[144] CompoSecure, Inc. SEC Filing
CompoSecure, Inc. reports a proposed sale under Rule 144 of 85,365 shares of Class A common stock, with an aggregate market value of $1,623,274.14. The shares were acquired on 01/01/2025 through the vesting of a restricted stock unit award granted under the issuers equity compensation plan. The planned disposition will be executed through Merrill Lynch on NASDAQ with an approximate sale date listed as 08/13/2025.
The filing states there were no securities sold by the filer in the past three months and includes the filers representation that they are not aware of any undisclosed material adverse information about the issuer. The notice also references Rule 10b5-1 trading plans but does not indicate that a plan was adopted.
- Shares were acquired via vesting of restricted stock units under the issuer's equity compensation plan, indicating compensation-related origin of the holdings
- No securities were reported sold in the past three months by the filer ("Nothing to Report")
- The filer proposes to sell 85,365 Class A common shares with an aggregate market value of $1,623,274.14
- The sale is scheduled to be executed through Merrill Lynch on NASDAQ with an approximate sale date of 08/13/2025
Insights
TL;DR: Proposed sale is clearly disclosed and numerically small versus total outstanding shares, so market impact appears limited.
The Form 144 shows a proposed sale of 85,365 shares versus 102,378,638 shares outstanding, reported at an aggregate market value of $1,623,274.14. These figures indicate the filer is liquidating vested RSUs rather than disposing of previously purchased stock, and the transaction will use an institutional broker on NASDAQ. From a trading-impact perspective, the disclosed quantity is modest in absolute terms; investors should view this as a routine insider sale rather than a company-level event based solely on the information provided.

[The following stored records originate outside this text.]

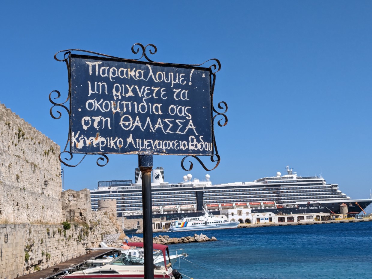 Pünktlich um 8.30 Uhr versammelten sich die Teilnehmer mit den am Vorabend ausgeteilten Kopfhörern im Foyer und warteten gespannt, was unser Guide Nicos für uns vorbereitet hat. Als die Gruppe vollzählig war, spazierten wir vom Hotel zum Hafen, wo der Bus für uns parat stehen soll. Unten im Hafen wurden wir über den Koloss von Rhodos aufgeklärt.
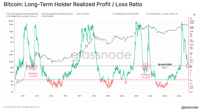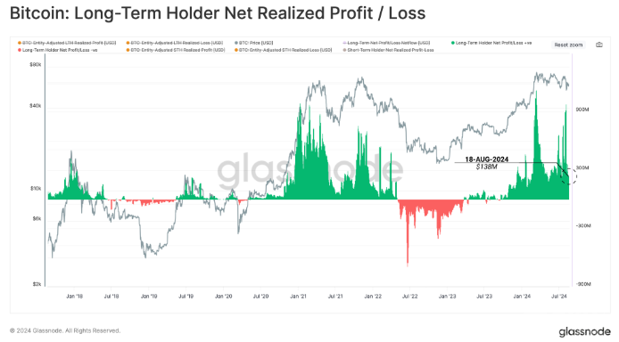 根據Glassnode的最新報告,Bitcoin的長期持有者在當前橫盤走勢中每天仍保持約1.38億美元的利潤。這表明市場上仍有大量資金流入,以吸收拋售壓力,從而在波動的市場中維持Bitcoin價格的相對穩定。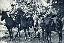 Oficiais vermelhos em seus cavalos.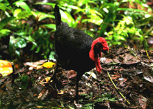 冢雉科Megapodiidae有7属20种。主要分布于澳大利亚、新几内亚、印度尼西亚。体大如鸡;嘴呈圆锥状;头部大多无羽,皮肤裸露,现黄或红色;雌雄羽色相近,均以黑褐色为主;趾强大。营巢习性特殊,自己不孵卵,而把卵产在有腐植质的堆积中、沙土上和火山灰上,借自然热力进行孵化,故名。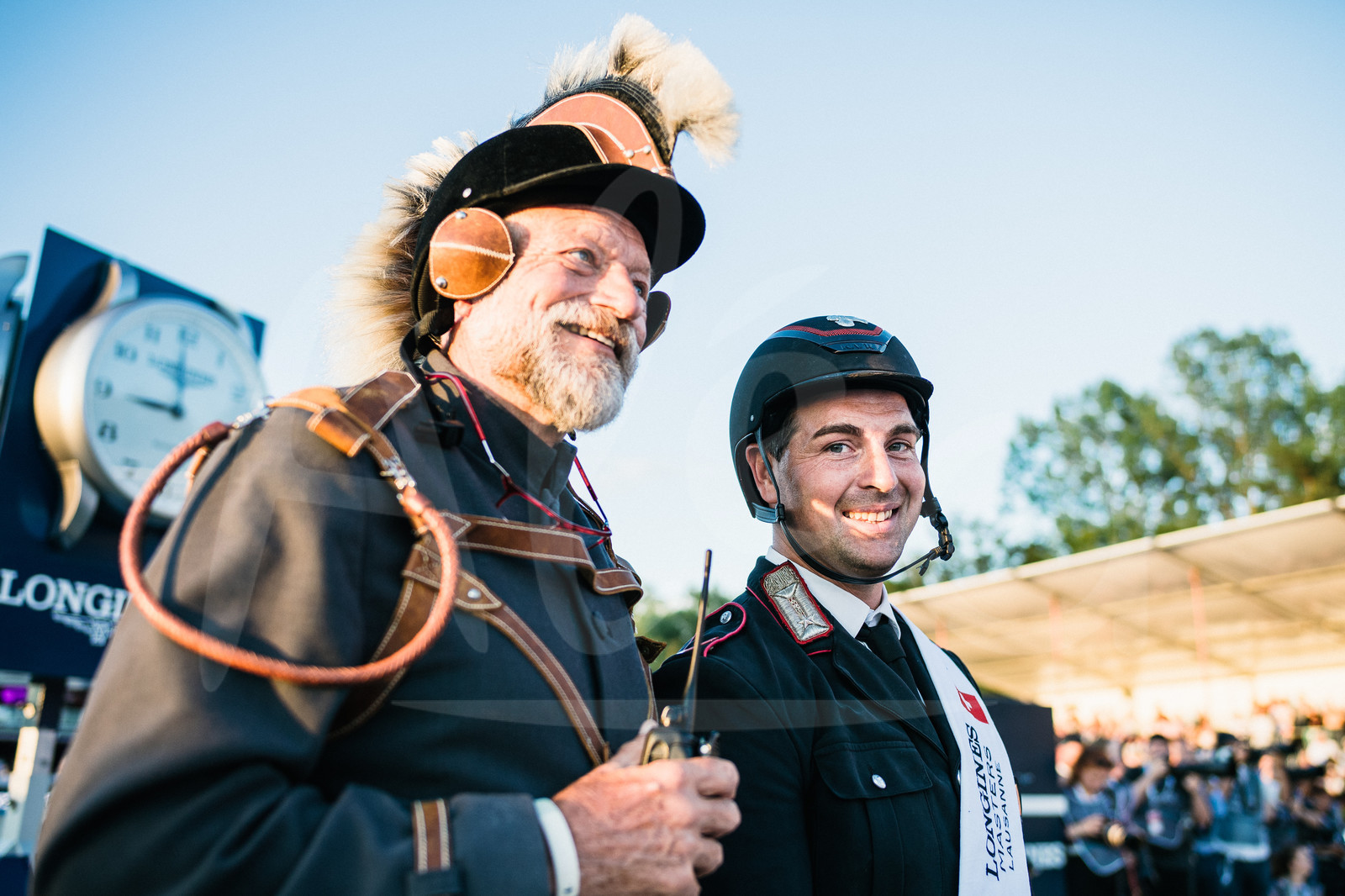 | Description | LAUSANNE, SWITZERLAND - JUNE 22, 2019 : Pedro Cebulka, ringmaster, leads Italian rider Emanuele Gaudiano, winner of the Longines Speed Challenge, to the podium during the Longines Masters Lausanne, on June 22, 2019 in Lausanne, Switzerland. (Photo by Jean-Louis Carli/ALeA/EEM) |

TL;DR: Disclosure follows Rule 144 format; broker-assisted sale and filers representation on material information are standard compliance elements.
The notice records acquisition by vesting of RSUs and specifies broker execution through Merrill Lynch. The filer affirms they do not possess undisclosed material adverse information and references Rule 10b5-1 plan language, though no adoption date is listed. Procedurally, the filing contains the expected compliance statements and shows Nothing to Report for prior three-month sales. On governance grounds, this appears to be a routine insider disposition with required certifications intact.